Forthcoming protocols

As part of implementing the new amendments that will come into effect on February 1, 2021, ten draft protocols for implementation of the amendments have been developed and posted for comment. Stakeholders who wish to have input into the final protocols may wish to review and comment on these draft documents. The deadline for public comments is Monday, January 11, 2021.

This article provides only general information about legal issues and developments, and is not intended to provide specific legal advice. Please see our disclaimer for more details.

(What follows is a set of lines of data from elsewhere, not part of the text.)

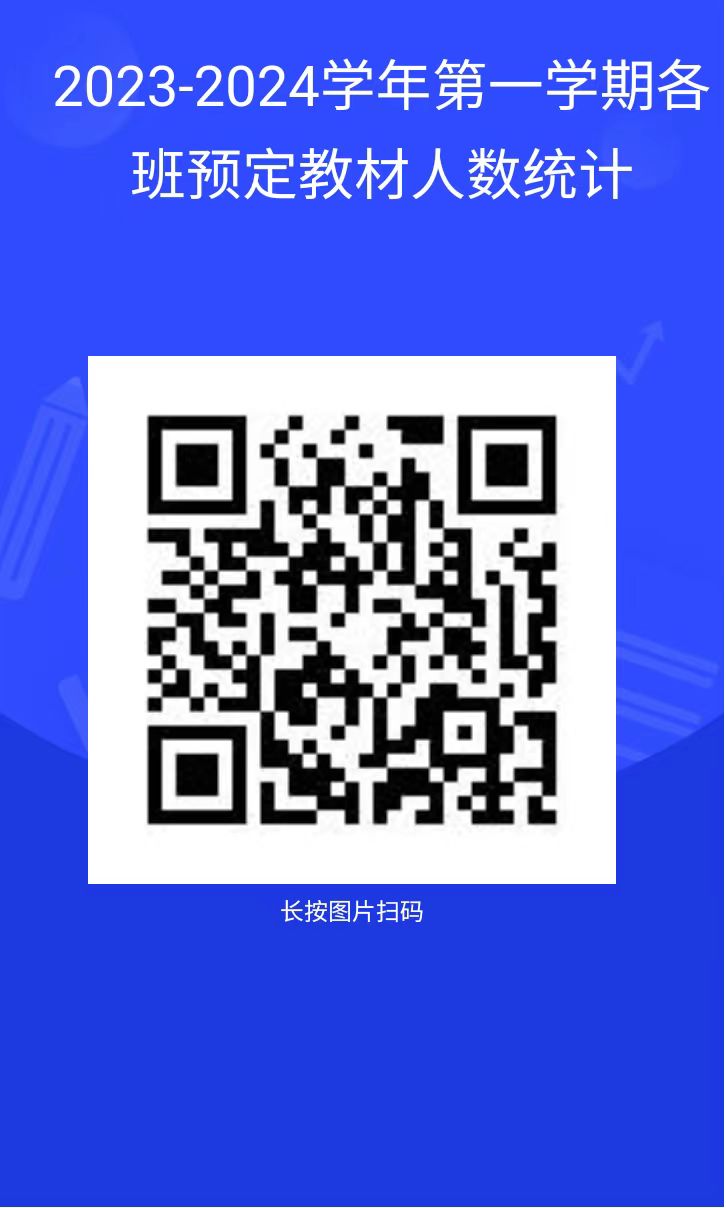 1.依据学校下学期教学任务安排情况,2020级、2021级、2022级本科生及2022级专升本各专业班级于本学期第十五周周三(5月24日)开始预报下学期教材使用人数。各专业班级负责人通过网址链接https://www.wjx.top/vm/e9AxIRF.aspx或扫描二维码(具体见通知下方),于第十六周周五(6月2日)17:30前,填写本班预订教材人数等相关信息。
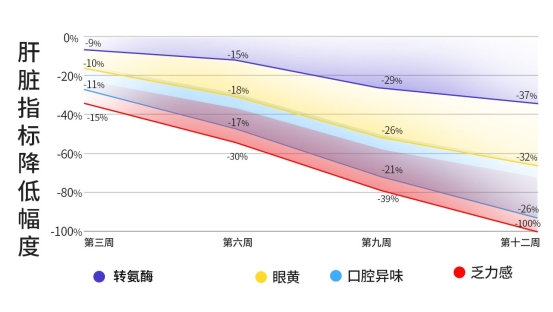 4.用户真实转化数据显示,持续3个月服用,谷丙转氨酶下降15.7%、甘油三酯下降16.2%、游离脂肪酸下降17.8%,12周总主观乏力感下降100%、眼黄下降32%、口腔异味减轻26%。
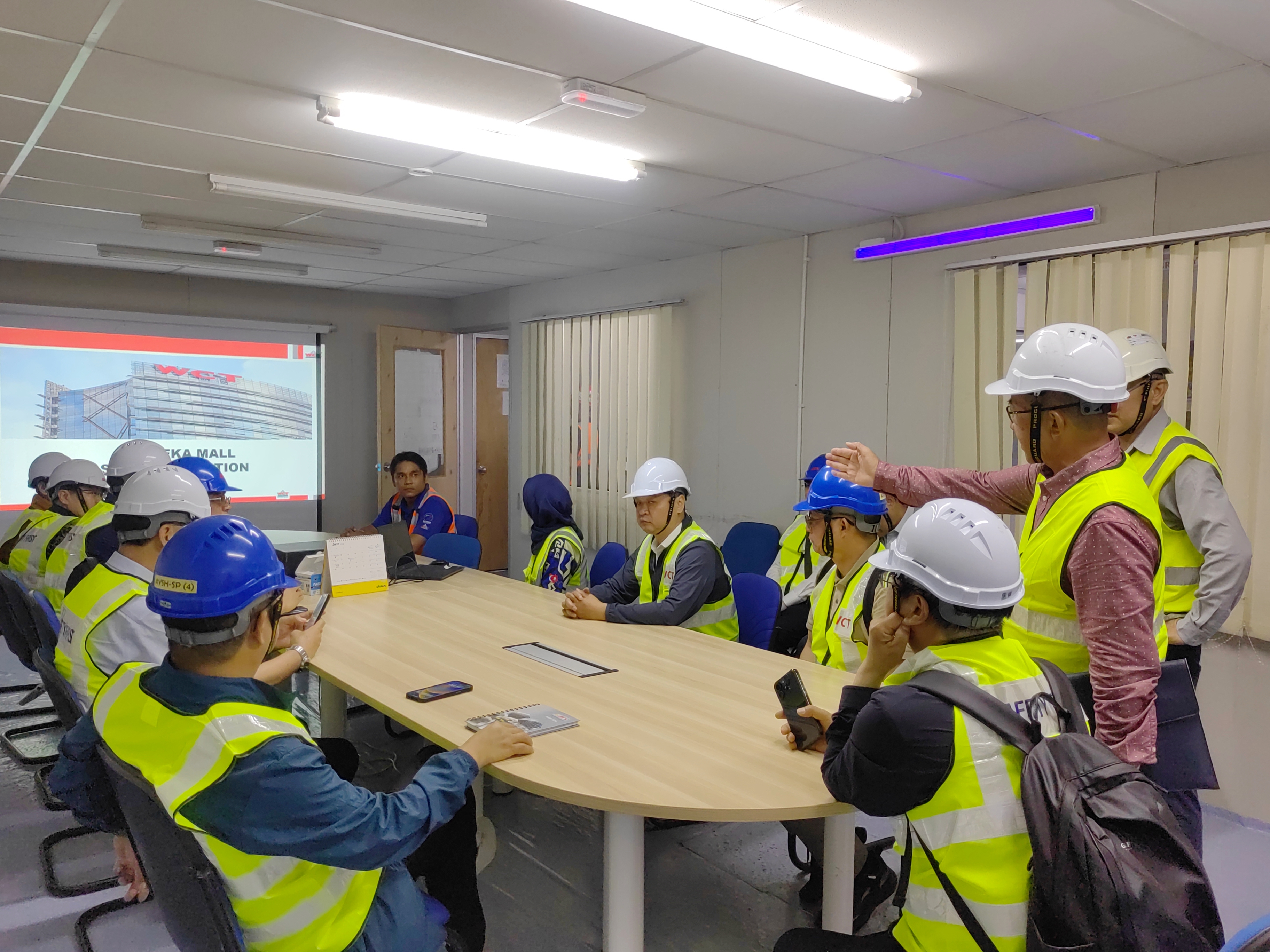 代表團前往Pelantar Insan(M) Sdn Bh鋼結構加工廠和馬來西亞默迪卡118大樓(目前世界第二高樓)附屬樓——購物商場大樓進行了考察調研,并同主要管理人員開展了深入交流。
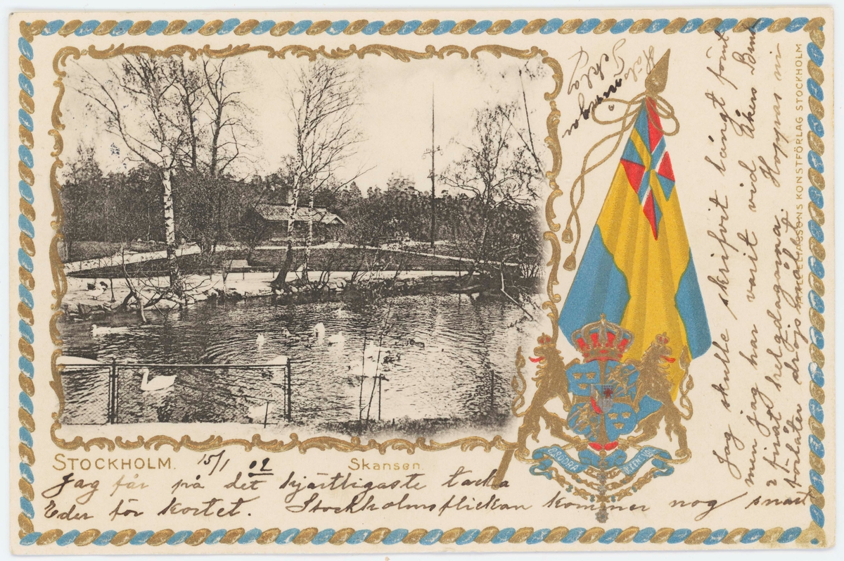 Titel: Vykort med motiv från Skansen. Svandammen.
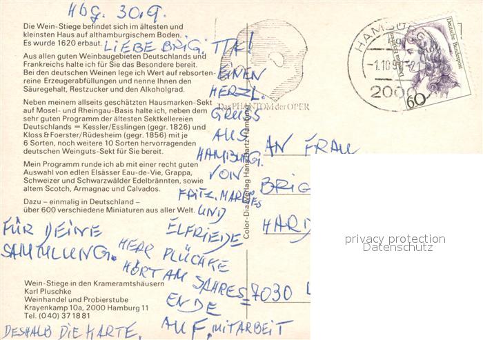 73684249 HAMBURG CITY Weinstiege in den Krameramtshaeusern postalisch gelaufen Erhaltung siehe scans [LiesaD40] alte Postkarte Lies Katcode 11110002000000

[1] ‎Site investigations will not be required where a vendor of real property is required under the EMA to provide a site disclosure statement to a prospective purchaser. Similarly, a person who files for protection under the Companies’ Creditors Arrangement Act or files a proposal under the Bankruptcy and Insolvency Act is only required to provide a site disclosure statement and does not need to conduct site investigations unless he/she proposes to perform a prescribed commercial or industrial activity. Finally, a permit holder under the Oil and Gas Activities Act, who is obligated to provide a site disclosure statement in order to decommission a site or cease activities thereon, does not need to conduct site investigations on the “operating area” where the permit holder is authorized to carry out oil and gas activities.